One node won't join after master panic in a four node VERITAS Cluster Volume Manager cluster
| Article:TECH16284 | | | Created: 2001-01-21 | | | Updated: 2004-01-21 | | | Article URL http://www.symantec.com/docs/TECH16284 |
Problem
One node won't join after master panic in a four node VERITAS Cluster Volume Manager cluster
Error
vxvm:vxconfigd: NOTICE: CVM_VOLD_CHANGE command received
vxvm:vxconfigd: NOTICE: establishing cluster
vxvm:vxconfigd: ERROR: -1 returned from volcvm_establish
vxvm:vxconfigd: ERROR: cluster_establish: error 230
vxvm:vxconfigd: ERROR: kernel_fail_join() : master_takeover is 0
Solution
This problem happens under the following
circumstances:
1. A node leaves while some shared mirrored volumes
(with Dirty Region Log - DRL) were "dirty".

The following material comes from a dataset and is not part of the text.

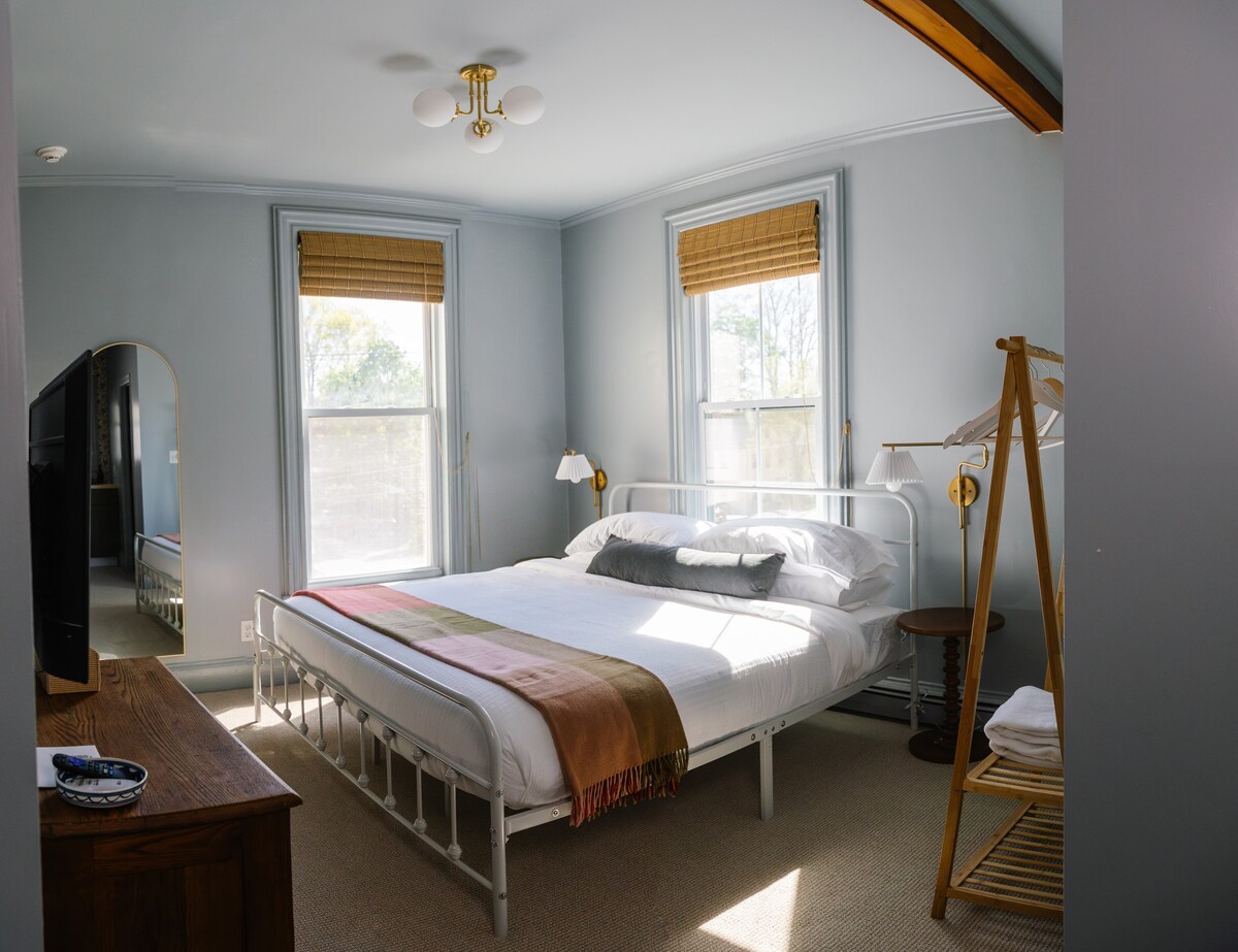Witamy w The Bracy Suite, przytulnym prywatnym pokoju na trzecim piętrze zabytkowego Ipswich Inn. Ten pokój jest nowo urządzony z wygodnym łóżkiem typu queen i przytulnym motywem domku, dzięki czemu poczujesz się jak w domu. W Twoim pokoju znajduje się łazienka z lokalnymi udogodnieniami butikowymi i telewizor Smart TV z Youtube TV (ponad 150 kanałów!). Smartlock zapewnia łatwy proces samodzielnego zameldowania. Ciesz się łatwym dostępem do sklepów, restauracji i kawiarni w centrum Ipswich, a także w odległości krótkiej przejażdżki do pięknej Crane's Beach!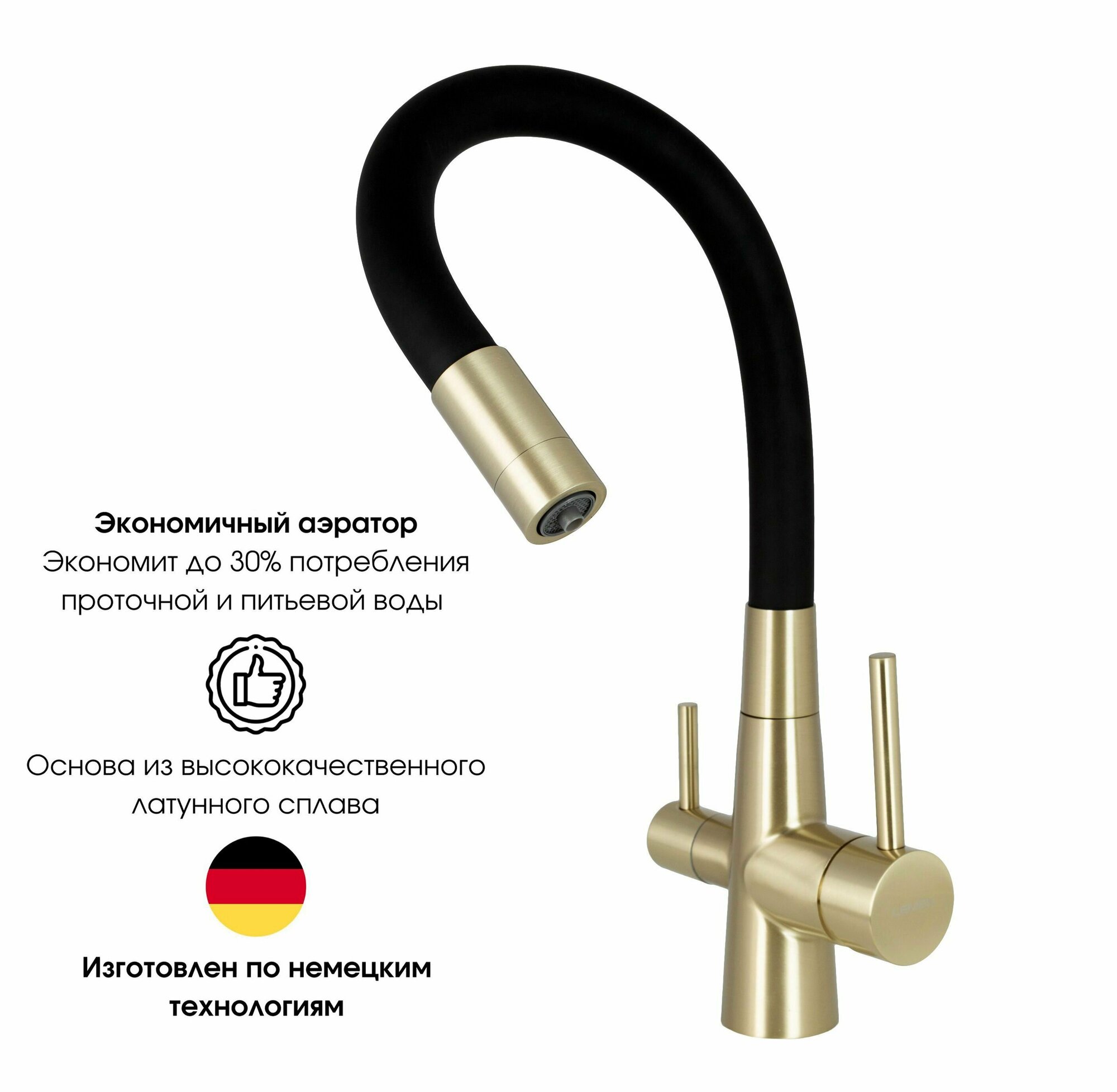 Смеситель для кухни с гибким изливом под фильтр для питьевой воды, высокий, поворотный 360 градусов, Lemen, латунь, черный, бронза интересное:

2. All nodes remaining in the cluster set recovery bit
for the node that left.
3. The master node starts to recover the volumes. This
stage consists of several steps: reading the DRL map of the leaver node; putting
in the accumulator map;
clearing the DRL map for the node in (1); starting the
recovery on the volume.
4. At this time, if the recovery is complete AND the
master dies, and none of the other remaining nodes had the shared volumes
dirty(including the master), then NO recovery happens on the new master.
However, the DRL bit map on this new master has the recovery bit still set for
the node in step 1).
5. The node which left in step 1. will not be able to
join.
Here is the possible workaround:
Make the volume(s) marked dirty in (1) and recovered in
(3) dirty again (i.e write to them from any node). After that, have that node
leave the cluster. This will cause another recovery to happen, and the recovery
bit of ALL nodes which had this volume dirty will be cleaned. Now any node can
join the cluster.









Thank you.